Bogdan Borgovan: two poems
“The Eve of War”
─from Adam’s journal
When Eve asked, “Will you come over to my penthouse? I have a terrace with
great views of the Old Town,” could I say no to her? She didn’t know and
didn’t need to know about my acrophobia.
She cooked a very nice dinner, we had some wine, the evening air was sweet.
We listened to a few Leonard songs we both knew very well
and that was all it took.
After midnight, we went to sleep, and I had a strange dream.
Many of Eve’s relatives were in the room with us. Most of them men in dark uniforms.
They gathered around the bed, examining our naked bodies sleeping side by side.
They debated whether that was acceptable or not.
They didn’t seem to agree with one another, and that went on for a long time.
Next day, when I told Eve about the dream, she didn’t seem surprised.
She even named some of the men wearing the dark uniforms, and said
those men show up in her dreams too. “Sometimes,” she said,
“they teach me one of the songs they sing when they go marching in the streets.”

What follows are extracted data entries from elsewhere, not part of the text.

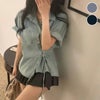 アシンメトリー サイドリボン デニム シャツ 半袖 [AMELY by La-gemme]アシンメトリー サイドリボン デニム シャツ 半袖 シンプル ルーズフィット カジュアル きれいめ 春夏 おすすめ レディース オシャレ トレンド 人気 プチプラ 韓国ファッション 【atp26-7243】【予約販売:15-20日】【送料無料】メ込2
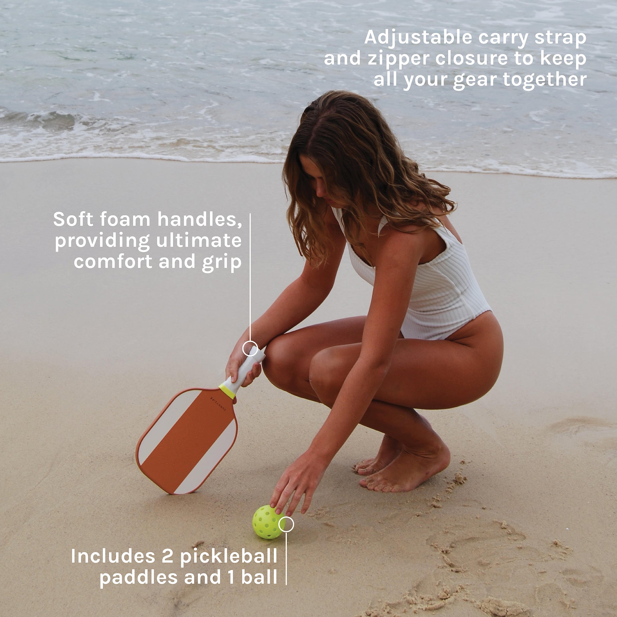 Get ready to play away the day in style. The Pickleball Set is ultra-trendy and high quality, designed to make a statement and have you winning on the court. Comes complete with two wooden pickleball paddles, one branded SUNNYLiFE ball, and a handy carry bag, grab a partner, hit the playing court, and serve up some serious fun. Turn heads and ensure this season is one to remember.
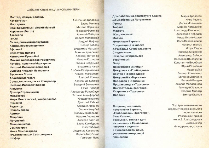 Звездный состав участников записи дает щедрую на творческие всходы почву. Кобзон-Каифа поет отрывистые фразы, так что не сразу узнаваем (что уже событие), но безупречен. Лолита-Гелла проказит так, что уже очень хочется увидеть эту Геллу на сцене. Фоменко-Коровьев вообще неузнаваем большую часть своих реплик, и по тембру больше всего напоминает Атаманшу из «Бременских музыкантов».
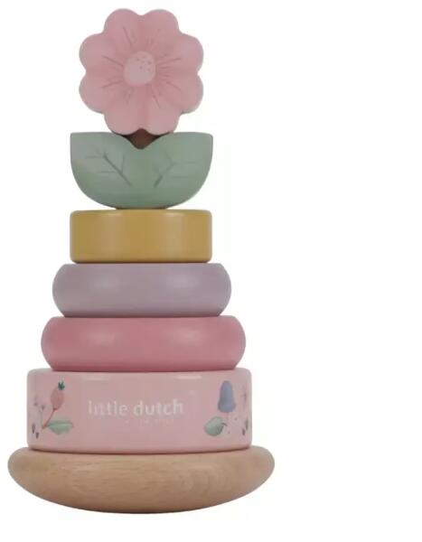 Mit kell tudni a játékról? Little Dutch montessori torony - virágos Kislányos színekkel összeállított, gyönyörű szép, kiváló minőségű montessori torony, melynek billegő alapjából kiálló rúdjára 6 elem helyezhető. A 6 fa elem közül 4 darab korong, amiknek átmérőjük eltérő. A korongokat nagyság szerint csökkenően kell a rúdra helyezni, tetejére pedig egy kis vi
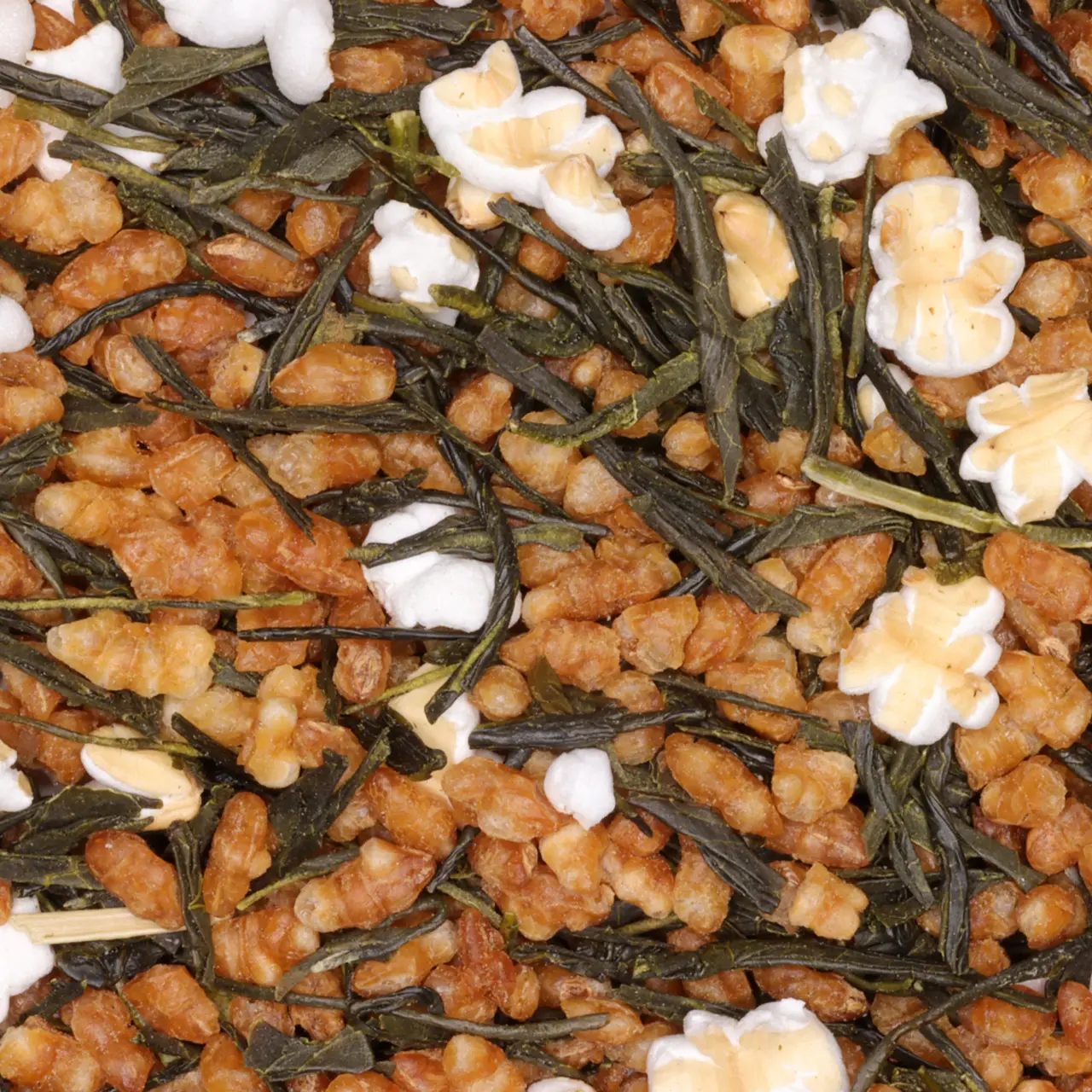 Grote strookvormige lichtgroene Bancha-theebladeren verrassend gecombineerd met gepofte en geroosterde rijst. Gen mai Cha heeft een opvallende rijstgeur en is mild van smaak.

Then, Eve sang one of the songs she memorized.
I couldn’t think of anything to say right there and then.
Perhaps I thought it was just one more display of her black humor.
When I went overseas, we wrote each other every week, and
Eve slowly revealed a very old web of family entanglements.

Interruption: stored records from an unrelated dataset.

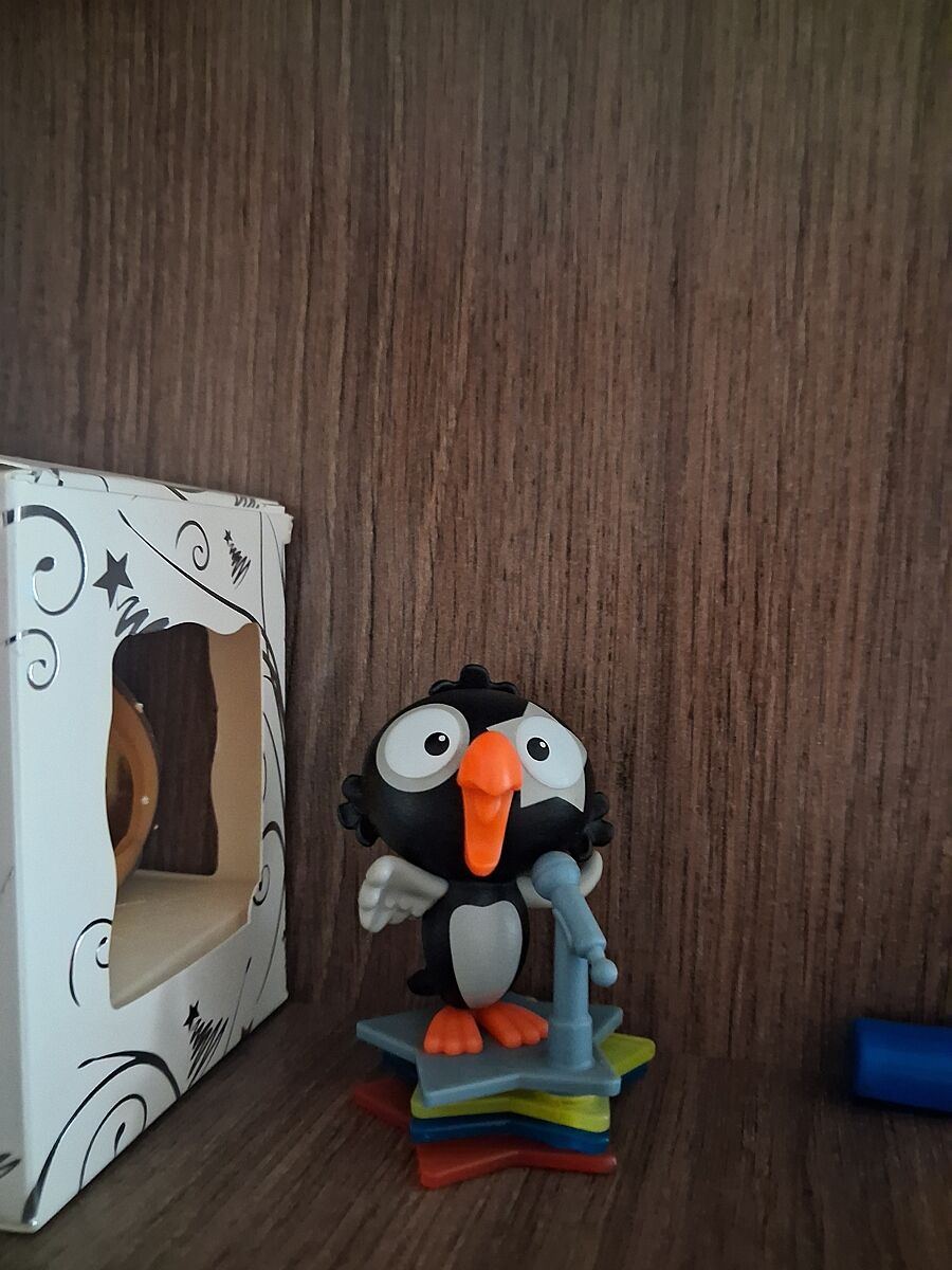 Это средний я так понимаю? В этом году не покупала, в прошлом году попалась птица на подставке с микрофоном. Игрушка красивая, качественная, но ничего особенного. Ну и больше стандартных в 2 раза
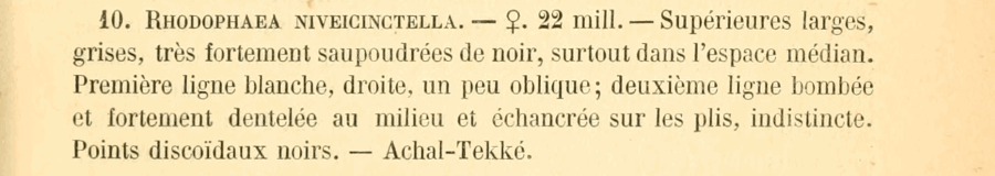 - Rhodophaea niveicinctella Ragonot, 1887 [Originalkombination]
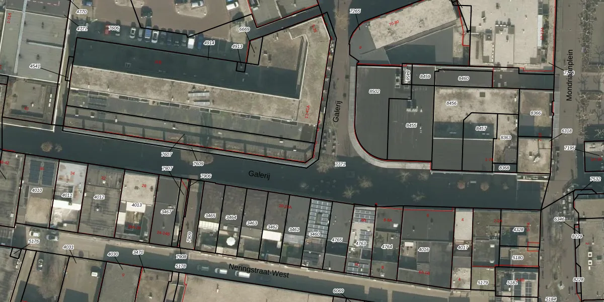 Het perceel waarop Galerij 19 staat heeft een oppervlakte van 572 m². Dit is een groot perceel. De perceeloppervlakte wordt geregistreerd door het Kadaster. Gedetailleerde informatie over de maten van dit perceel kunt u vinden in het rapport Kadastrale kaart met maatvoering van Galerij 19.
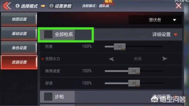最后是“武器设置”,同样是在保卫方开启“无限火力”,即你拥有无限的子弹数量;之后对潜伏者的改动是关闭全部枪系,这样所有的潜伏就只能拿个小刀啦。

With every new letter though, she also reaffirmed her loyalty to the dark uniforms.
When the new war began, there was no doubt whose side Eve was on.
I hoped she’d change her mind when pictures from the Eastern Front were
published in the West. Instead, she said the pictures were not reality.

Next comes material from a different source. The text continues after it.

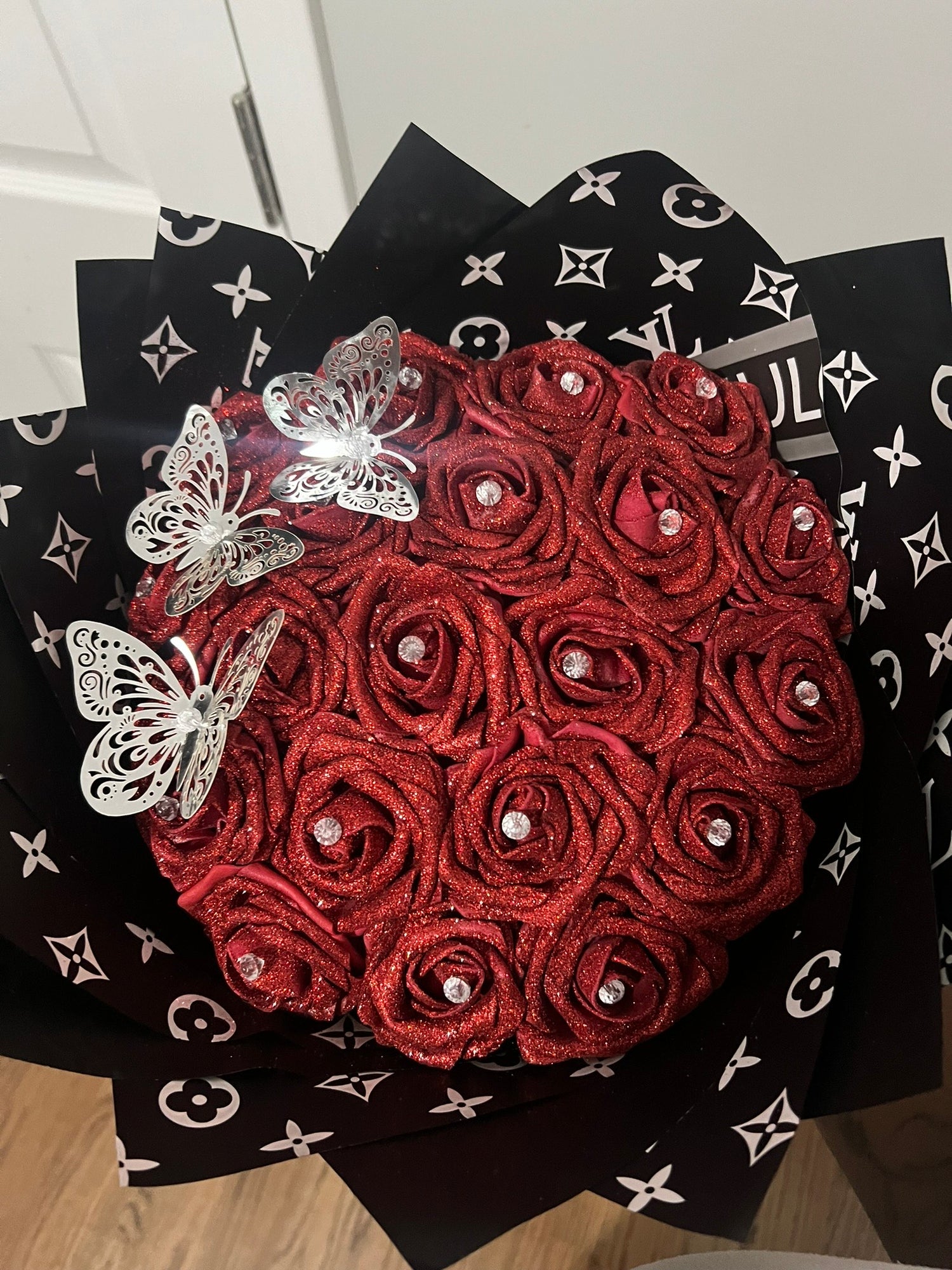 Bouquet made out of Artificial floral roses, multiple colors available.

Not too long after that, the letters stopped.
I don’t think of Eve so often anymore. I didn’t save her photographs.
Except for one from high school, in which her ragged bangs cover her right eye,
while her left eye looks straight into the camera.
"For the First Woman to Take a Soldier’s Part”
Were our streets ever so dark?
—D. Nurkse
Fall equinox day
my phone says. Suddenly cold,
ash gray sky, 90% chance rain.
In Bennett Park
the bicentennial elm tree
sheds leaf clusters and bark,
the windswept flagstone path
traces the pentagon
of Fort Washington.
Marked on a granite bolder,
Manhattan’s highest point-
265 feet above sea level.
The black & blue war cannon
stands only 2 minutes
from my door step
but I know nothing
about war, the military,
being a soldier.
Afraid of losing her only child,
my mother dressed me as a girl.
She never let me have a haircut.
When the draft notices were sent,
none had my name on it.
My boyfriends disappeared one by one.
In 1775, at age 24,
Margaret Corbin went to war.
One year later, dressed as a man,
she joined her husband John in battle
at Fort Washington, and helped him load
the double tail-six pound field cannon.
When John was killed,
Margaret took over,
firing against the Brits.
Her aim was steady,
she was a sure shot.
But when the bullets hit,
she lost her left arm,
her jaw, and her left breast.
The battle was also lost.
Tonight, the park is quiet.
A woman wearing a nightgown
walks a large dog over the granite boulder.
The dog sniffs the Revolutionary cannon.
Under the lamppost, the woman
turns out to be a man,
my neighbor Sam in building B,
who lost his daughter Anna in Kabul -
a 25-year old Marine,
same age as Margaret Corbin
250 years ago. Killed by a bomb
aimed at 100 civilian Afghans on the run.
Sam never saw his daughter’s
burnt face, the severed legs,
the bloody torso.
When he received the urn
he placed it on the mantel.
He spoke to no one ever since.
At midnight, there is a clearing
in the sky. A giant Harvest Moon
glows high above the park.
It stops Sam and his dog
dead in their tracks─
the German Shephard’s instinct is to howl.
Bogdan Borgovan is an architect living in Northern Manhattan. Born in Bucharest, Romania, he came to New York in the early 80s to study architecture at The Cooper Union. He primarily writes poetry and short prose pieces.